Test de paranoia
Responda las 15 preguntas eligiendo, en cada una, la opción que mejor describa cómo suele vivir usted esa situación. Al final obtendrá una lectura de qué tan presentes están hoy, en su día a día, cinco patrones cotidianos de desconfianza y cautela. Le llevará unos 4 minutos.
Este test tiene únicamente fines informativos y no sustituye un diagnóstico profesional. Consulte a un profesional cualificado para obtener asesoramiento médico o psicológico.
La casa sin cerca. Señales de paranoia mínimas.
En sus respuestas, estos cinco patrones —la lectura del juicio ajeno, la desconfianza hacia la gente nueva, la sensación de ser observado, la idea de que algo se hace a propósito contra usted, la necesidad de guardarse información— aparecen muy poco o directamente no aparecen en su vida cotidiana ahora mismo.
Una mirada que no sabe cómo interpretar, un silencio a media conversación, un desconocido amable: todo eso tiende a quedarse en lo que es, sin que la cabeza le busque una segunda lectura.
Esa facilidad para tomar las cosas tal como vienen tiene su lado bueno: no gasta energía sospechando de gente que no le ha dado motivos.
El precio, si lo hay, es ocasional: alguna vez puede tomarle la palabra a quien no la merecía, o tardar un poco más en notar un patrón real de mala fe cuando de verdad está ahí. Esto no significa que usted nunca sienta cautela por nada — solo que, a esta frecuencia, estos cinco patrones concretos no forman parte de su día a día.
Una cerca baja y la cancela abierta. Señales de paranoia leves.
En sus respuestas, estos cinco patrones aparecen de vez en cuando, no como rutina: hay una base de confianza que convive con momentos puntuales de cautela cuando algo, genuinamente, no termina de encajar.

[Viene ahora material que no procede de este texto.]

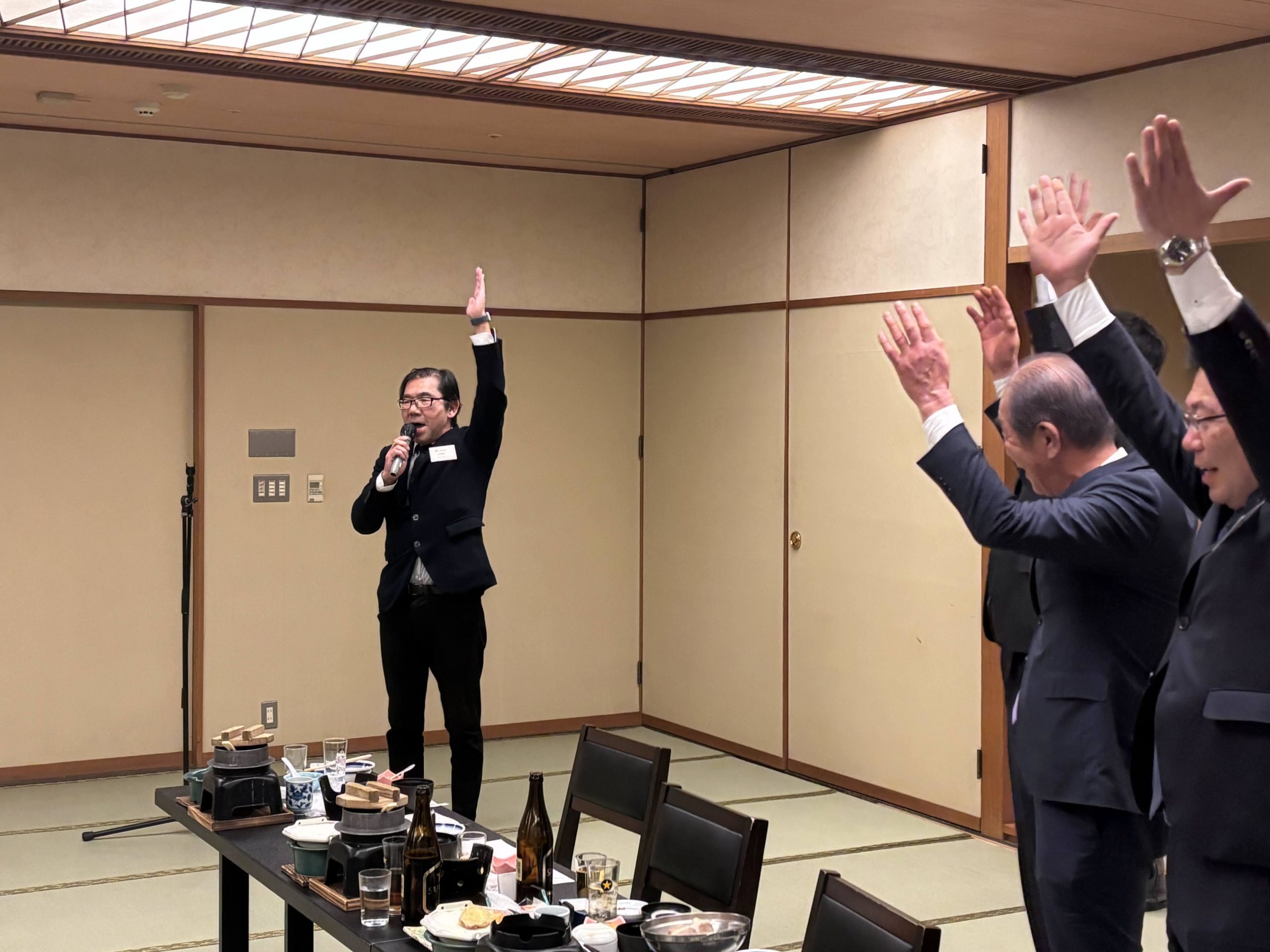 乾杯のご発声は、蒲郡信用金庫の岡本理事長により執り行われて、続いて行われた恒例の「豆まき」は、来賓、役員、年男の9名により、商売の繁盛と参加者の皆様の益々のご活躍とご健勝を祈念して声高らかに“鬼は外、福は内”を3度唱和しました。歓談も終始和やかな雰囲気の中で進められ、予定の時間となり、愛知工科大学の石原工学部長の音頭により万歳三唱で締めくられました。
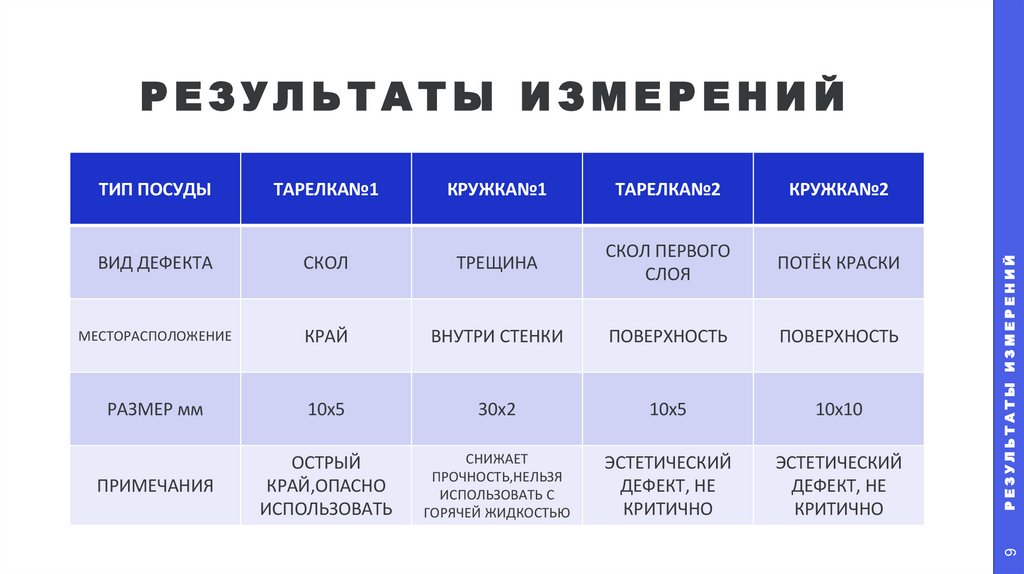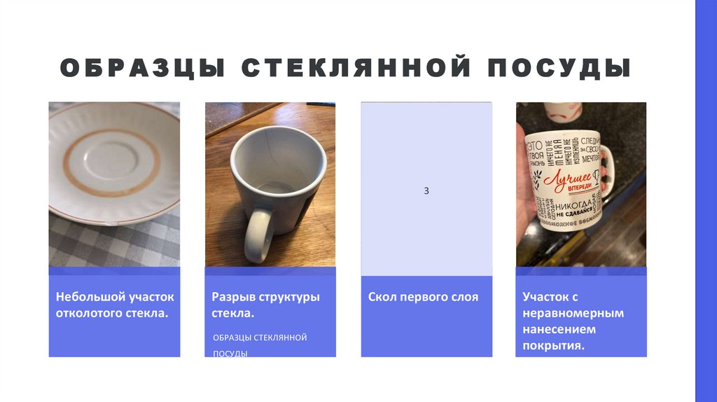 различных дефектов на примере тарелок и кружек. Были
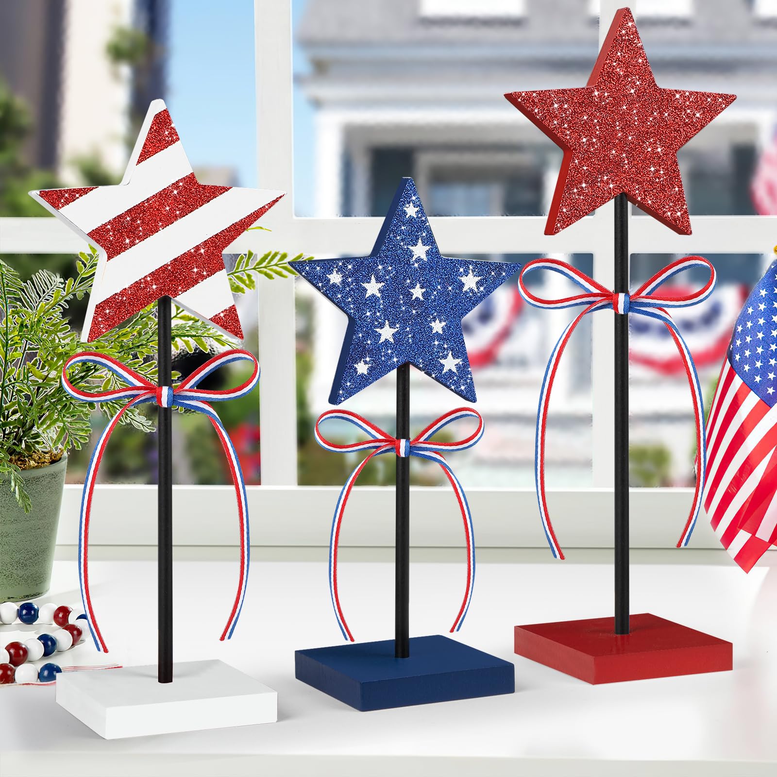- Independence Day Decorations: This set of wooden star stands features a double-sided printed design in red, white and blue with a beautiful ribbon, perfect for celebrating Independence Day and echoing your patriotic sentiments.
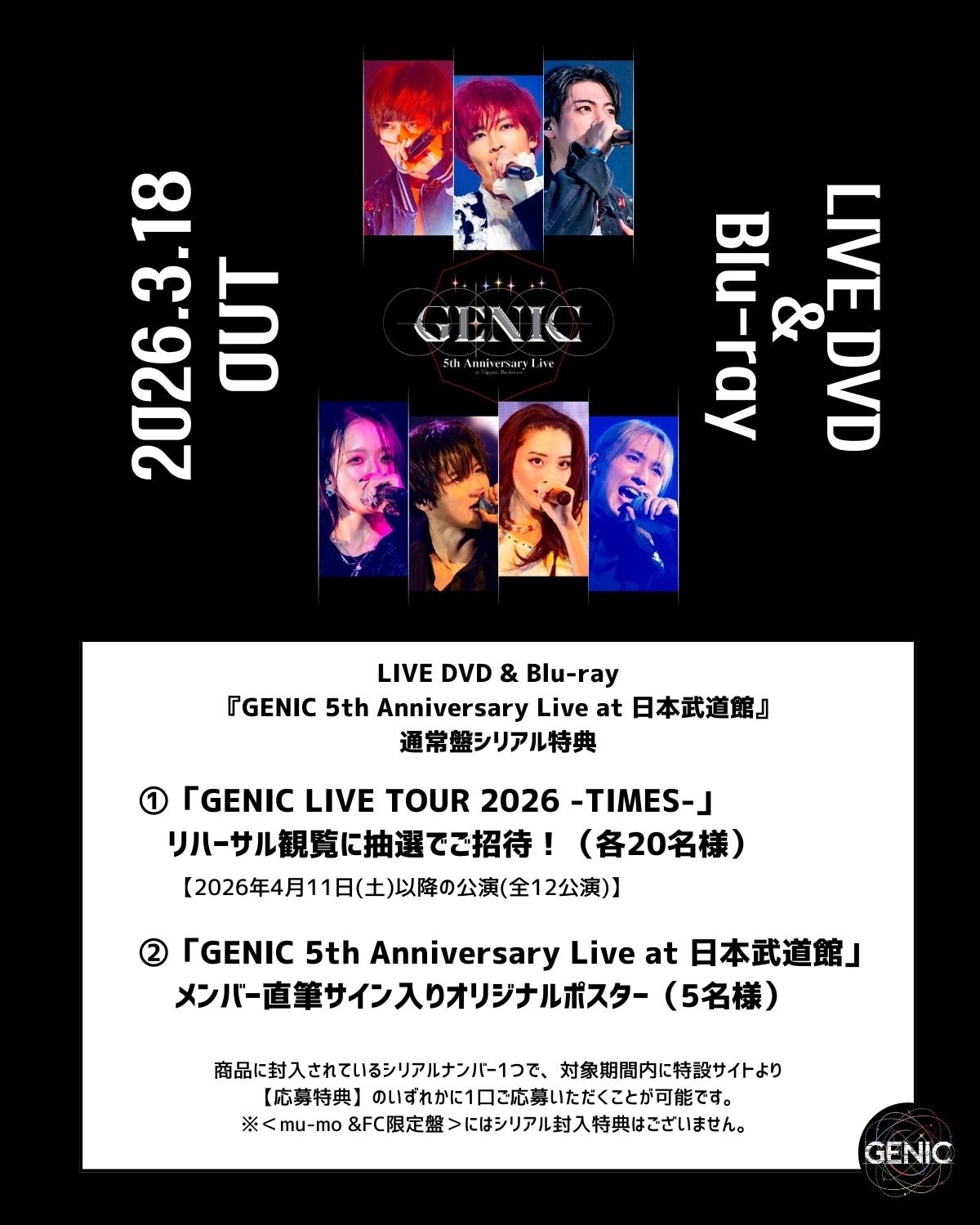 2026年3月18日(水)発売のLIVE DVD & Blu-ray『GENIC 5th Anniversary Live at 日本武道館』【通常盤】に封入されている
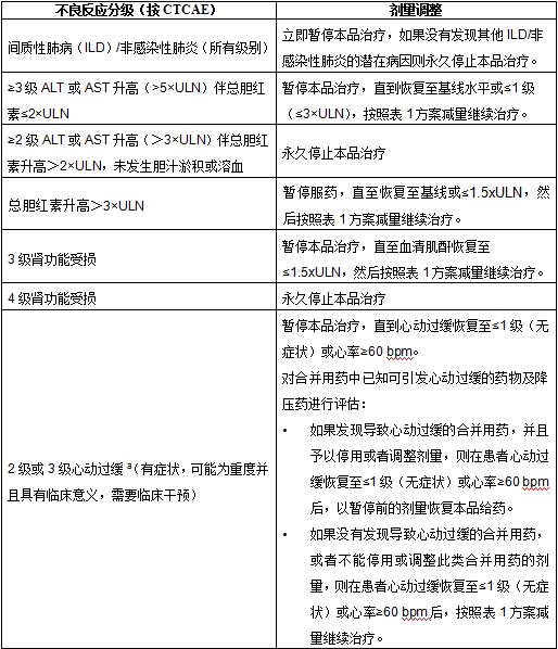 间质性肺病(ILD)/非感染性肺炎:本品临床试验中已报告间质性肺病/非感染性肺炎病例(参见【不良反应】)。应监测患者是否出现提示有非感染性肺炎的肺部症状。确诊患有间质性肺病/非感染性肺炎的患者应立即中断本品治疗,如果没有发现其他间质性肺病/非感染性肺炎的潜在病因,则应永久停药(参见【用法用量】)。
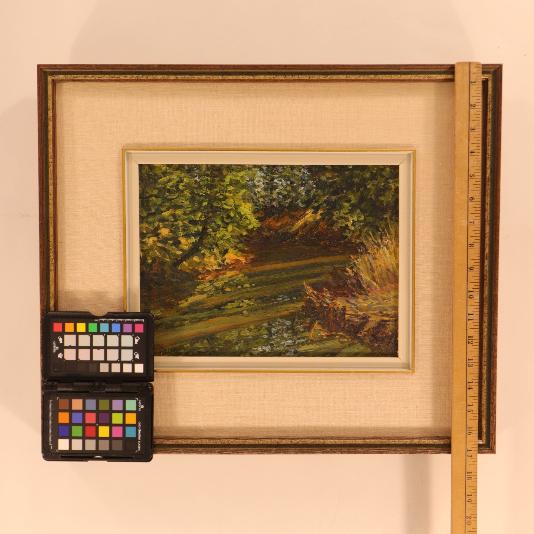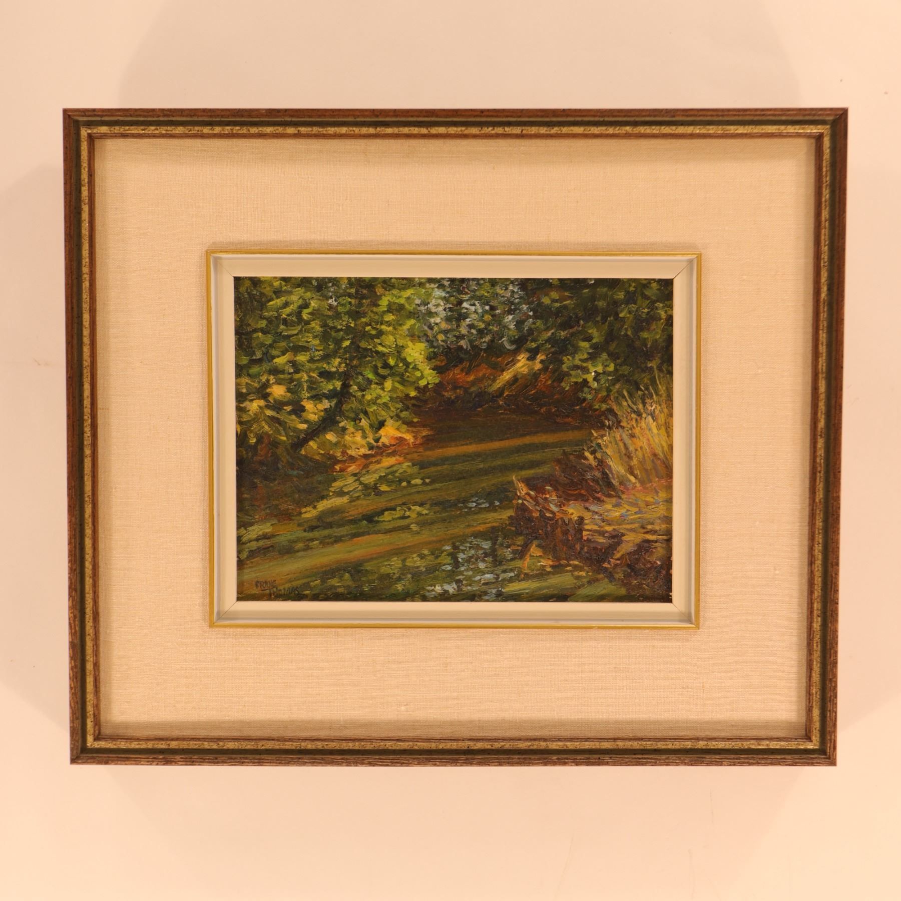 Signed landscape painting on board depicting a shaded woodland stream or marshy watercourse bordered by dense foliage and tall grasses. The composition is handled in a loose, richly textured manner, with broken brushwork and deep green, ochre, brown, and amber tones creating a strong sense of filtered light and undergrowth. The intimate scale and close-cropped viewpoint give the work a quiet, immersive character, focusing on reflection, shadow, and the movement of light across the water. Signed lower left. Art 12 x 9 in.; framed approximately 20 x 17 in.
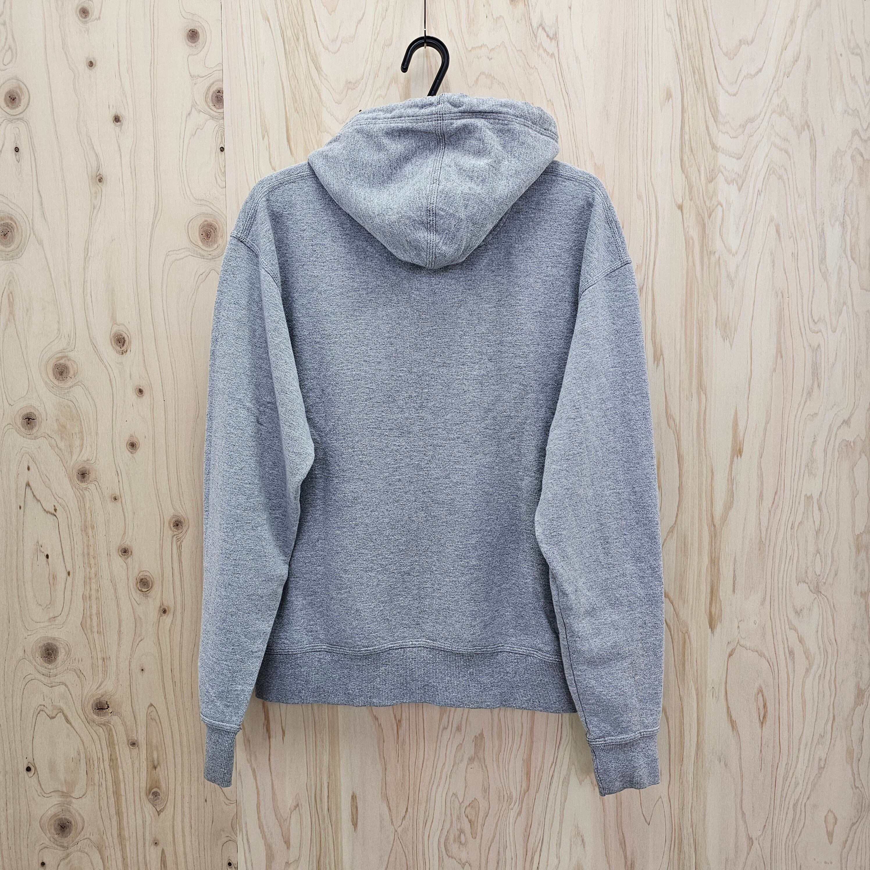 グレー色のシンプルなデザインにフロントにはアイコニックなブランドロゴがプリントされ、袖にはロゴ刺繍がさりげないアクセントを加えています。カンガルーポケット付きで機能性も抜群です!
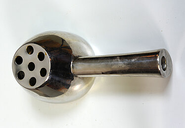 Windkapsel aus vernickeltem Messing, 10 cm Durchmesser, schuhförmiges Mundstück.

Un mensaje que tarda en responder, un comentario suelto que se queda dando vueltas un rato, alguna reunión donde nota más ojos encima de los que la situación pide: son episodios, no un patrón que atraviese toda la semana.
Esa cautela bien calibrada suele servirle: nota cuando algo huele raro sin necesidad de que se lo confirmen.
El costo es pequeño pero real: de vez en cuando esa misma cautela se posa sobre una señal que en realidad no significaba nada. Esta lectura no dice qué situación en concreto la dispara con más frecuencia — solo refleja qué tan seguido aparece, en conjunto, a lo largo de su semana.
El seto y la cancela cerrada. Señales de paranoia moderadas.
Esta lectura es genuinamente mixta, no un cajón de sastre para quien no cayó en ningún extremo: algunos de estos cinco patrones aparecen con cierta regularidad en sus respuestas, mientras que otros casi no se presentan, sin una inclinación clara hacia un solo lado.
Puede que la desconfianza hacia gente nueva le resulte bastante familiar, mientras que la sensación de ser observado casi no aparece — o al revés: la combinación exacta es suya, no un patrón único para todos los que caen en esta banda.
El balance entre confiar y protegerse, en su caso, parece moverse según el día, la relación o la situación concreta, más que asentarse en un solo punto fijo.
Ni el extremo más bajo de este test ni el más alto son un veredicto: esta banda, angosta a propósito, solo describe dónde cae la balanza de sus respuestas en este momento — no hacia dónde se mueve después.
Un muro que tapa toda la vista. Señales de paranoia marcadas.
En sus respuestas, patrones como la desconfianza hacia las intenciones ajenas, la sensación de ser observado o comentado, y la costumbre de guardarse información aparecen con una regularidad que ya es difícil pasar por alto — más que ocasional, menos que constante.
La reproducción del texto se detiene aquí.